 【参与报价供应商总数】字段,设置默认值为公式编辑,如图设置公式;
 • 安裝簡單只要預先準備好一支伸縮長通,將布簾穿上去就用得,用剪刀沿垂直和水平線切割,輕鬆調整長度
* * *
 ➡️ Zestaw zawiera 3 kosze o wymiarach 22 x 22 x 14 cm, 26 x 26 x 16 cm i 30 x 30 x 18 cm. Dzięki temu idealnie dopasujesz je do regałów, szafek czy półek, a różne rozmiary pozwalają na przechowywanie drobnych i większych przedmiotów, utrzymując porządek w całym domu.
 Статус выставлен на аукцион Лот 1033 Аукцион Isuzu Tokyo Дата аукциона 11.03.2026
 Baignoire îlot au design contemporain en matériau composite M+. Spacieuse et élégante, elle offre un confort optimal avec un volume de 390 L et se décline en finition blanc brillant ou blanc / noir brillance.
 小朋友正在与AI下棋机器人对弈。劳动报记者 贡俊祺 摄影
...
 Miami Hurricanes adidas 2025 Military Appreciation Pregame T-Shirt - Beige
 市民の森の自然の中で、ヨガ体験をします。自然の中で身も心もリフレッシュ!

• _PROBLEM STATEMENT_
Reproduce, character for character, only the lines of the preceding data that start at the line with "Baignoire îlot au" and end at the line with "小朋友正在与AI下棋机器人对弈。劳动报记者 贡俊祺 摄影", both included.

• _EXERCISE SOLUTION_
 Baignoire îlot au design contemporain en matériau composite M+. Spacieuse et élégante, elle offre un confort optimal avec un volume de 390 L et se décline en finition blanc brillant ou blanc / noir brillance.
 小朋友正在与AI下棋机器人对弈。劳动报记者 贡俊祺 摄影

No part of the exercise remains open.